No speedup using asyncio for uploading a list of files using resumable upload links


I have a list of file paths and their resumable upload links for uploading to GCS buckets. I implemented this normally and then using asyncio, and find no improvements in the speed of execution. Would appreciate any inputs, thanks.

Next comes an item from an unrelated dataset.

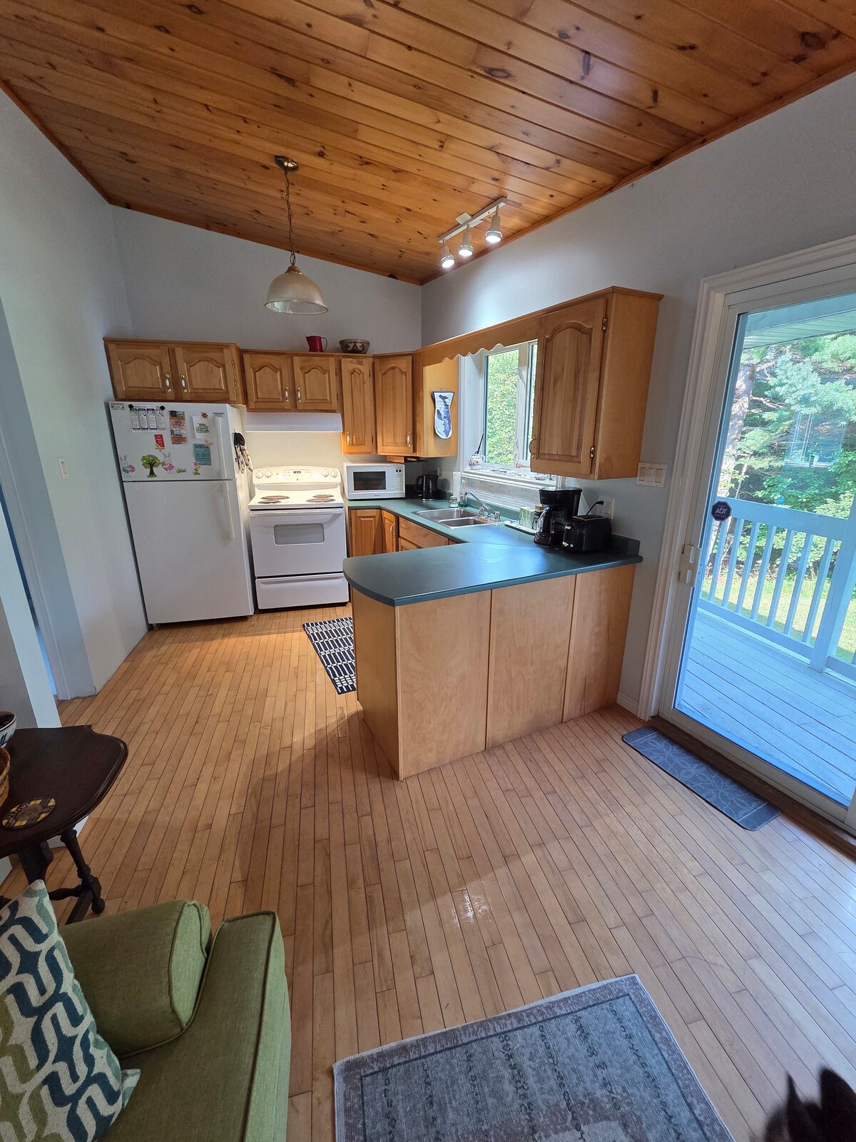Questo cottage con 2 camere da letto ha un cortile privato e una veranda. 2 piccole camere da letto hanno entrambe letti queen-size e comò, soggiorno completo, cucina completamente attrezzata (basta portare cibo/caffè). Bagno completo con doccia walk-in. Barbecue privato. WIFI Starlink VELOCE, shampoo, saponi forniti. Cani al guinzaglio: nessun problema! 🐕 😊 Il vialetto è ripido ma ben tenuto in tutte le stagioni. Ci dispiace, non sono ammesse motociclette. PRENOTAZIONI INVERNALI: pneumatici da neve e AWD necessari per il vialetto, ma è sempre spazzato e sabbiato.

from asyncio import run, gather
import requests 

async def uploadFile(UPLOAD_URL, LOCAL_PATH):
    with open(LOCAL_PATH, 'rb') as f:
        data = f.read()
    requests.put(UPLOAD_URL, data=data)

async def uploadFiles(path_and_url):
    uploads = [uploadFile(dic['upload_url'], dic['local_path']) for dic in path_and_url]
    await gather(*uploads)

run(uploadFiles(path_and_url))

Using async functions in the uploadFile option speeds up my code by about 15%, anything further I can do? Thanks!

import aiohttp, aiofiles

async def uploadFile(UPLOAD_URL, LOCAL_PATH):
    async with aiofiles.open(LOCAL_PATH, 'rb') as f:
        data = await f.read()
    # httpx.put(UPLOAD_URL, data=data)
        async with aiohttp.ClientSession() as session:
            async with session.put(UPLOAD_URL, data=data) as resp:
                print(f"{LOCAL_PATH} -> {resp}")

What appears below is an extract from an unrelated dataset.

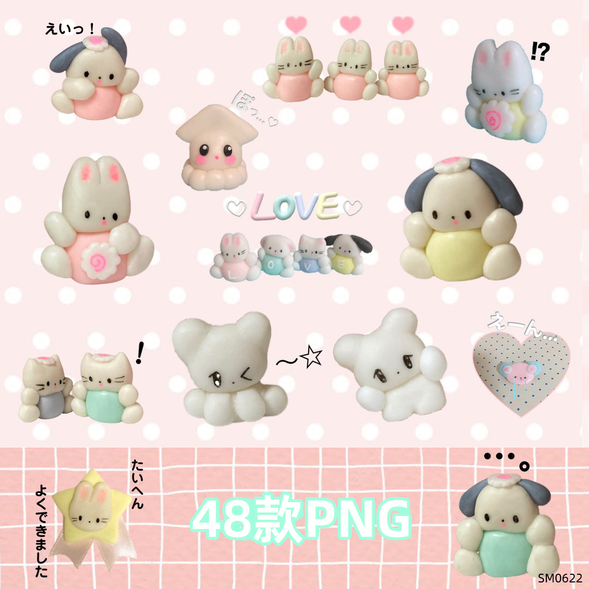 静态48款粘土娃娃可爱兔子猫咪狗狗 line表情包电子...

async def uploadFiles(path_and_url):
    uploads = [uploadFile(dic['upload_url'], dic['local_path']) for dic in path_and_url]
    await gather(*uploads)

Solution

  • All you did is not wrong there are some optimizations I have made it can speed up your code as well. You were creating a new session on every file upload which is not optimal and could spend more time and resources than creating it once and using it for all requests.

    import asyncio
    
    import aiofiles
    import aiohttp
    
    
    async def upload_file(session, upload_url, local_path):
        async with aiofiles.open(local_path, 'rb') as fp:
            file_content = await fp.read()
            response = session.put(upload_url, data=file_content)
    
    
    async def upload_files(paths):
        async with aiohttp.ClientSession() as session:
            await asyncio.gather(*[upload_file(session, **path) for path in paths])
    
    
    async def main():
        await upload_files([
            {'upload_url': 'https://.../', 'local_path': '/home/suraj/Downloads/1.png'},
            {'upload_url': 'https://.../', 'local_path': '/home/suraj/Downloads/2.png'},
            {'upload_url': 'https://.../', 'local_path': '/home/suraj/Downloads/3.png'},
            {'upload_url': 'https://.../', 'local_path': '/home/suraj/Downloads/4.png'},
        ])
    
    
    if __name__ == "__main__":
        loop = asyncio.get_event_loop()
        loop.run_until_complete(main())